We had to stay in Wales before setting off because we were apparently touring with another band who were based there. I wasn’t really moved by the information, I just went along with everything. So we ended up staying in Ewloe which is where Tim, from the band name that I’m writing about lives. It was a cosy place surrounded by fields and the positive aura of a wonderful mum. The foundations of this tour were moulding into something great.

So we set off in the morning on the long drive towards the first gig: The Southern in Edinburgh. Stopping off halfway at a service station so that we can eat sandwiches made by Tim’s mum, I discovered the amazing taste of mustard on sandwiches. This is the first of many positive changes which happened to me on this tour.
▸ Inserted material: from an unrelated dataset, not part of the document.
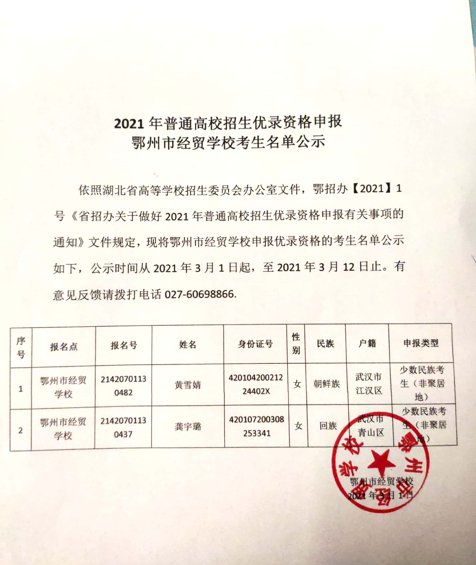 【优录】2021年普通高校招生优录资格申报 经贸学校考生名单公示

Then came the concert. It was Tim and Sam’s band to go on first with Luke headlining all dates on the tour. They began to play, and i think it was that moment that I hadn’t felt anything so hard-hittingly beautiful for such a long time…years. I rarely smile uncontrollably, and this was one occasion where it was hurting and where it was embarassing because I was a Cheshire cat. My tummy was tingling as though I had fallen in love (yes, this all sounds incredibly cringe, but that’s your fault for thinking that extreme emotions are uncool – man up). I just couldn’t believe what I was hearing. And I had 10 more concerts to go!
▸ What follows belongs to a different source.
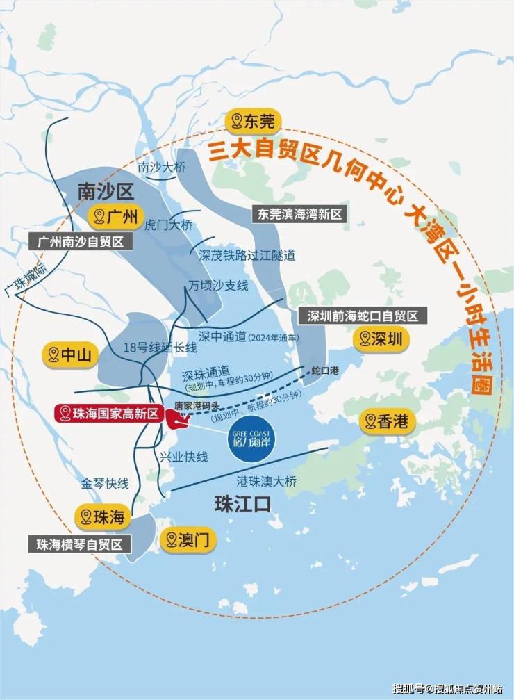 格力海岸所在的唐家湾,地理位置得天独厚,占定三大自贸区几何中心(深圳前海自贸区、广州南沙自贸区、珠海横琴自贸区)。且以大桥未支点效应,多维交通路网向外延展:港珠澳大桥、深中大桥(建设中,预计2024年通车)、金琴快线、兴业快线(建设中)、唐家港码头(计划开通到蛇口新航线)、广州地铁18号线延长线(规划中)...,未来将形成大湾区一小时生活圈,接轨世界前沿。
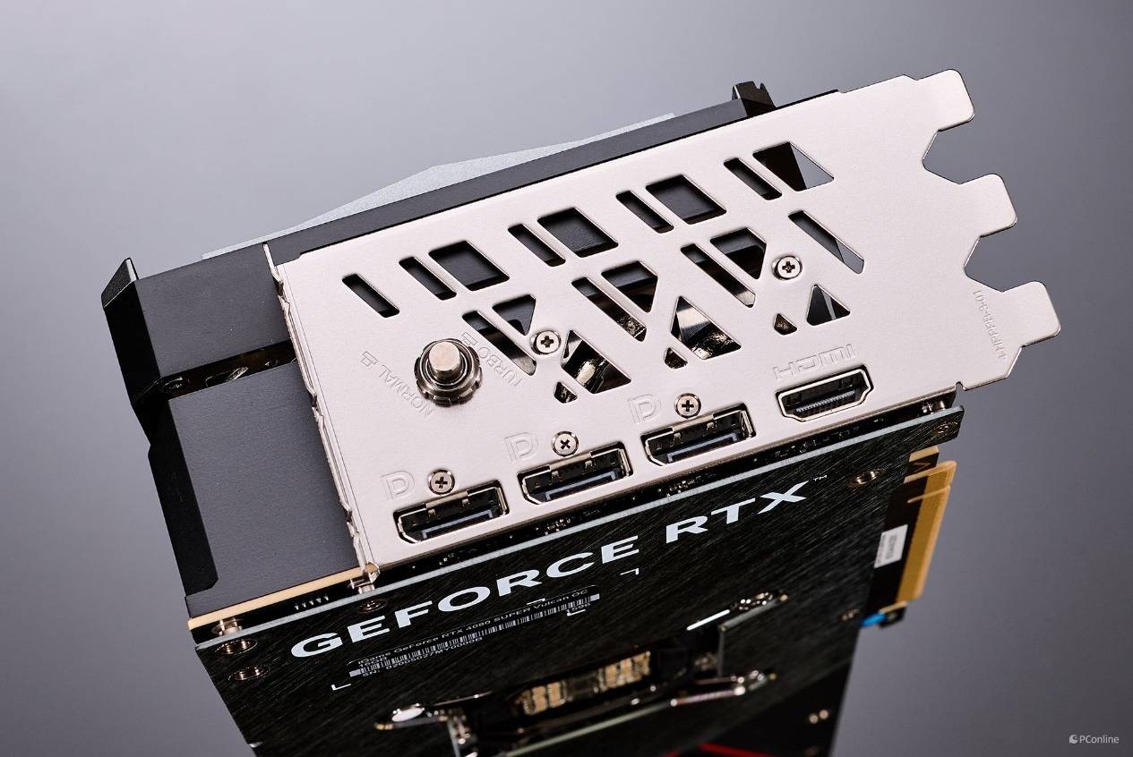 在视频接口的旁边还有一颗按钮,其实这是BIOS切换按钮。iGame GeForce RTX 4080 SUPER火神显卡自带两个不同的BIOS,其中一个主频与RTX 4080 SUPER FE看齐,为2550MHz,TURBO版BIOS主频默认可以来到2640MHz,实际测试中约在2800MHz左右。

Being on tour, I ended up getting to know the band (and Luke) really well, and they ended up being some of the most genuinely nice people I have ever met, a criteria I think is crucial to making such genuinely nice music. You can’t fake a sound like this if you’re obnoxious.

I now regularly visit the band in Wales. They have become good friends. It is, in just about equal measure, my most exciting place to visit as well as Edinburgh. I’m going back in two weeks.
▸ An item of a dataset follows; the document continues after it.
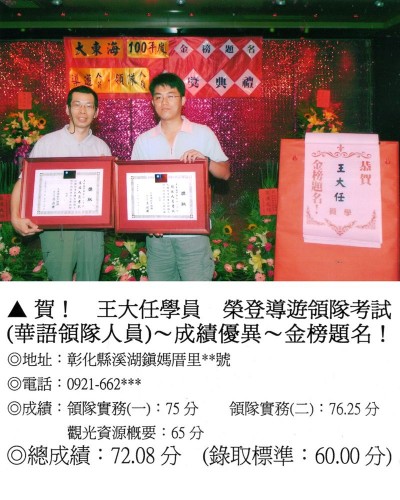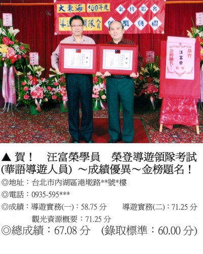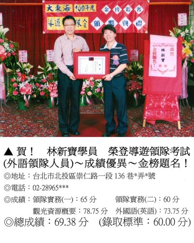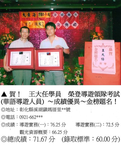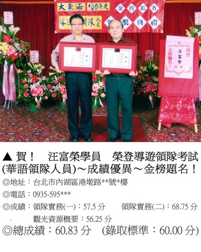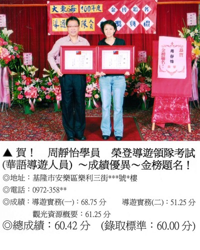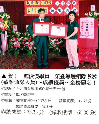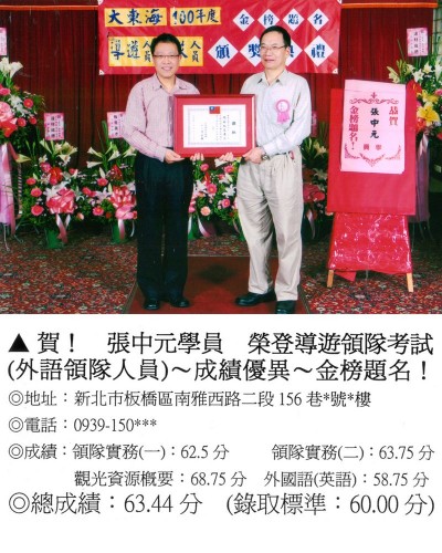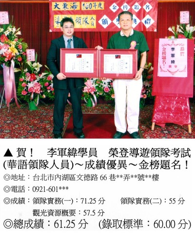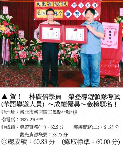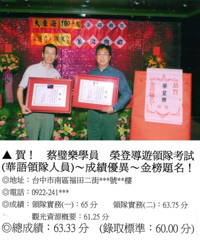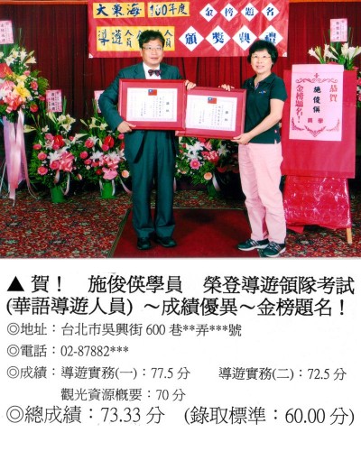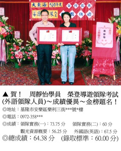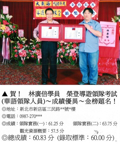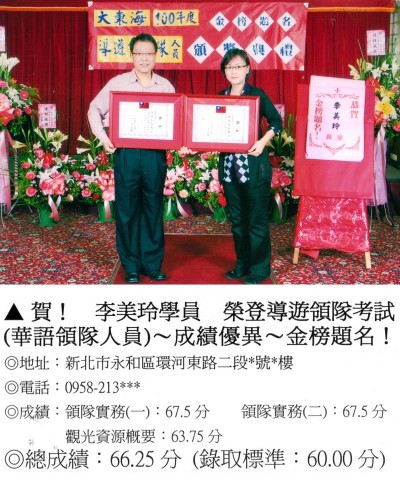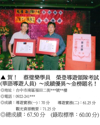 錄取分數‧領隊人員‧導遊人員‧證照考試

And this song is a prime example of their benevolent music. It is actually just a b-side to their Summer Solstice single, but I think it is one of their best tracks. I’m not alone, when the famously flat Tom Ravenscroft (John Peel‘s son) played it on Tom Robinson‘s ‘Introducing’ show on 6/7/09 he said: “I think there may be a very good chance that I have just fallen hopelessly in love with that record and will listen to nothing else for the rest of the year”.

So do I really have a favourite bit for something which I have praised so extensively? I do actually.

From 1:26 the piece suddenly drops to guitar and piano before the drums return at 1:45. I think this section is wonderful and I really love the chord change at 1:30 (which I think is to the relative minor). It’s as though the rest of the track builds up to this section.

The world needs more music like this – simple and to the point: Positive, beautiful music. If any label had an inkling of sense and ambition to being responsible for improving the mood of an unquantifiable amount of people, they’d sign Tim and Sam. You’ve only got to go to one of their concerts to see how pretty much everyone in the room is transfixed and transformed. I’ll lay out the options:

If you’re a label: sign them. It’ll be a crucial thing you’ll do in your life. 
If you’re a person: listen to them, watch them in concert. It too will be a crucial thing you’ll do in your life.